There are claims of a cover-up at a Sydney hospital, as allegations emerge a drug-addicted nurse was caught stealing and using medications, intended for cancer patients.

Whistleblowers have told 7News the nurse was busted writing fake prescriptions, but the police weren’t informed.

Workers at St George Hospital claim they had to rush to the aid of one of their own – a man, lying on the floor with a syringe in his arm in the quiet room of the oncology ward.

For months, he had been suspected of swiping heavy-duty painkillers from his patients – long-suffering cancer patients who need the medication the most.

Lorraine Long, the founder of the Medical Error Action Group, is horrified by the nurse’s alleged actions.

"They go through excruciating pain, and then to deprive patients of their rightful prescribed drugs is despicable," she said.

The syringe reportedly had traces of Hydromorphone and Propofol which are both potent anaesthetics. It was a Propofol overdose which killed Michael Jackson.

Dr John D’Arcy warns about the damaging effects of such drugs: "All these synthetic drugs are medically effective but they're addictive and as potentially fatal as heroin."

Whistleblowers also told 7News the nurse had previously been caught writing false prescriptions for the painkiller Endone. If this allegation proves to be correct, it alone would constitute fraud.

"It's what they call 'cover-up'. It's easier just to bury all the stuff and just put it down to a distasteful episode," Ms Long said.

The health department denies there has been any sort of cover-up, saying an investigation is underway over "a possible breach of the Code of Conduct" and that if appropriate would immediately refer the matter to authorities.

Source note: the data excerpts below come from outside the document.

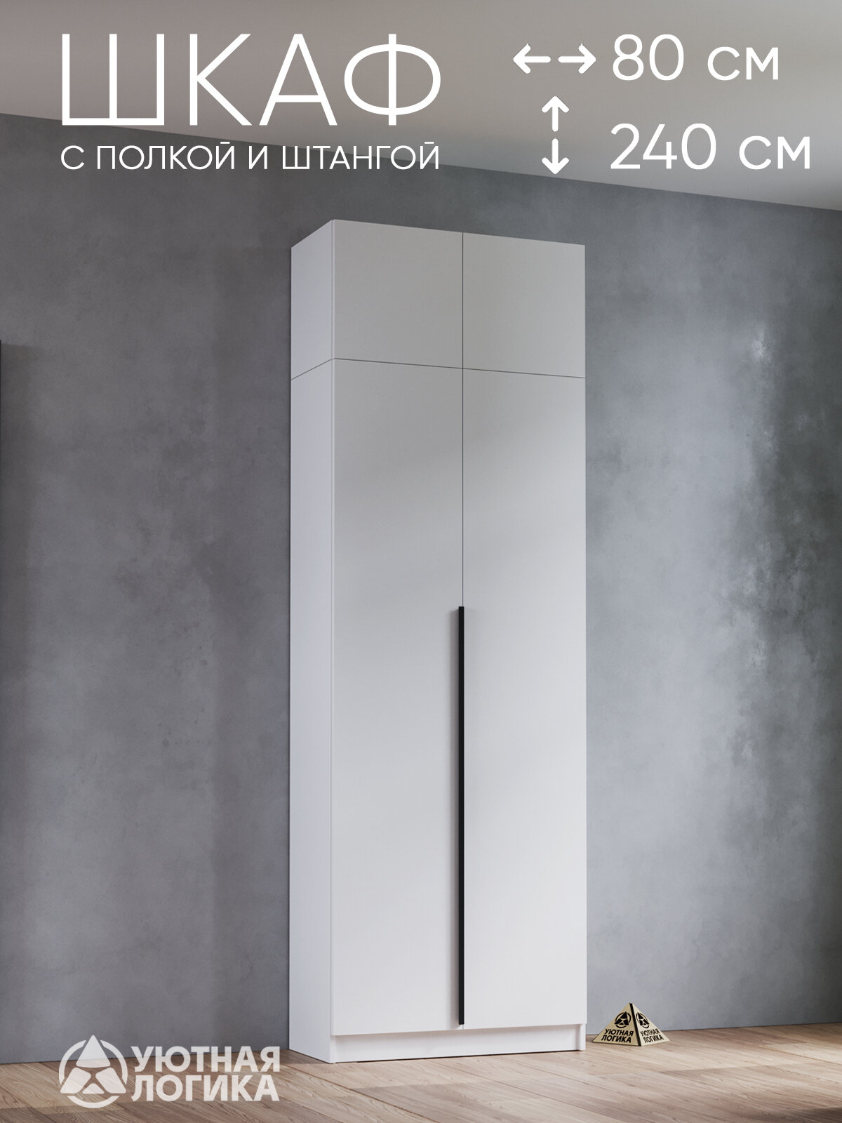 Шкаф распашной для одежды УЮТНАЯ ЛОГИКА двухдверный с антресолью и ручкой Дева А4НВР-175Л 240*80*38 см, Белый информация:
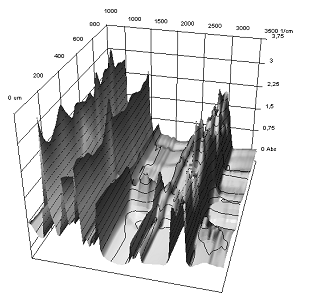 В результате измерения ИК-спектра модельных систем были получены трехмерные контурные графики изменения величины пропускания характеристических пиков в зависимости от расстояния от границы раздела фаз клей-субстрат при разном времени контакта (рисунки 8-15).
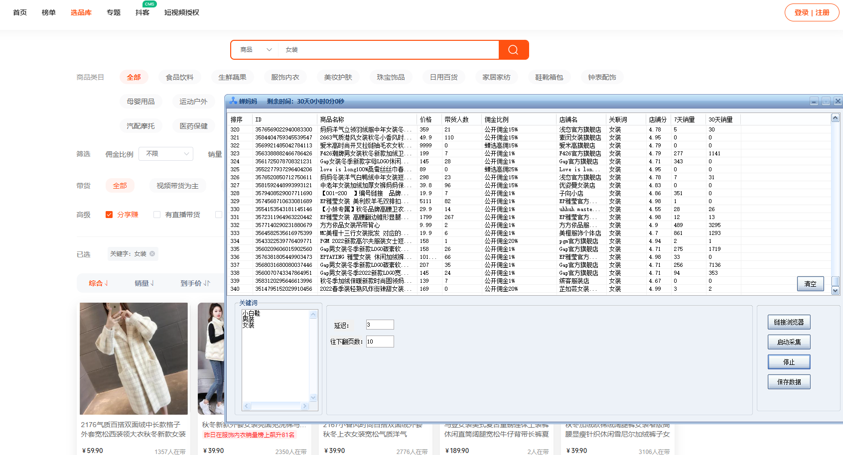 蝉妈妈精选联盟爆款采集,带佣金,不限制采集,实时数据
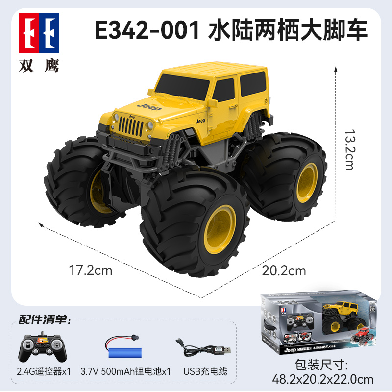 双鹰水陆越野车男孩赛车汽车儿童遥控车rc遥控汽车漂移车1663 官方标配丨单电池 【黄色】水陆两栖车E342-001
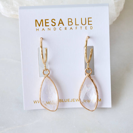 FACETED QUARTZ HOOP DANGLE EARRINGS
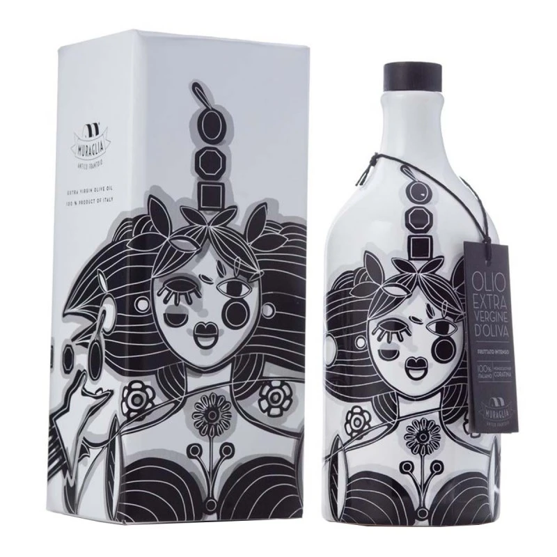 The Extra virgin olive oil Mother Nature ceramic jar Peranzana Muraglia is a 100% Apulian extra virgin olive oil, from the contents to the container. This is how the bottles containing the precious Extra Virgin Olive Oil Frantoio Muraglia and handmade by Apulian potters for the first time abandon the iridescence of colors to let themselves be enveloped by white strokes and imprint a new design in a first Limited Edition of Orci unique and iconographic based on the geometric dichotomies of the Salento artist Pierpaolo Gaballo.
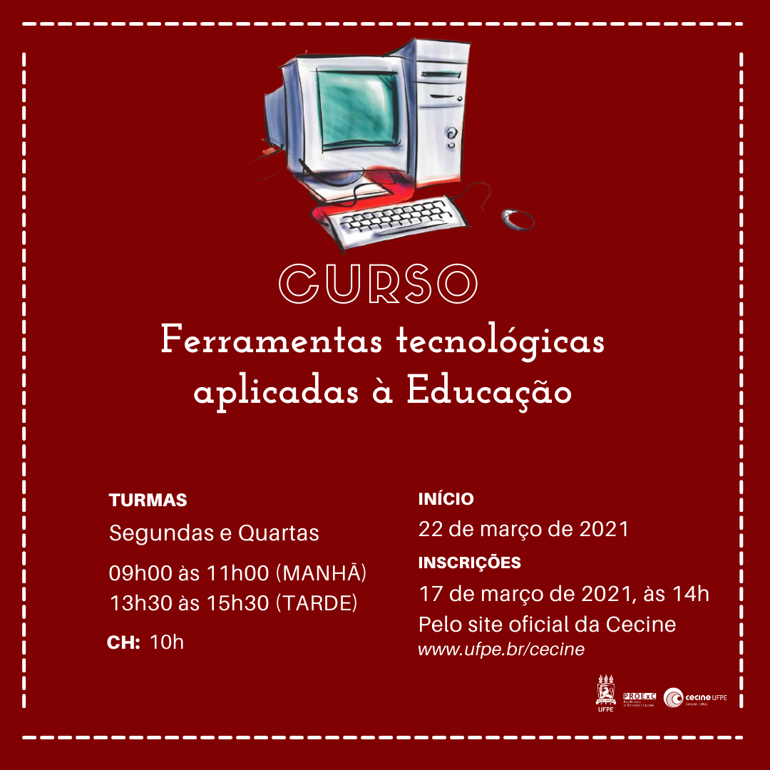 As aulas têm início no próximo dia 22 de março, em duas turmas diferentes: uma pela manhã (09h00 às 11h00) e outra à tarde (13h30 às 15h30), com aulas via Google Meet. Cada turma com 50 vagas, que serão preenchidas no dia 17 de março, a partir das 14h00, em um formulário disponível em nosso site (www.ufpe.br/cecine). Fique ligad@!

Lorraine Long isn’t convinced the Health Department's investigation is as rigorous as they claim.

"We've been told Hydromorphone, Propofol, Endone, Valium and Morphine have all regularly gone missing for two years while cancer sufferers went without, and not once has the hospital called police," she said.

"All clinicians, and particularly surgeons and anaesthetists, should be drug tested on a random basis."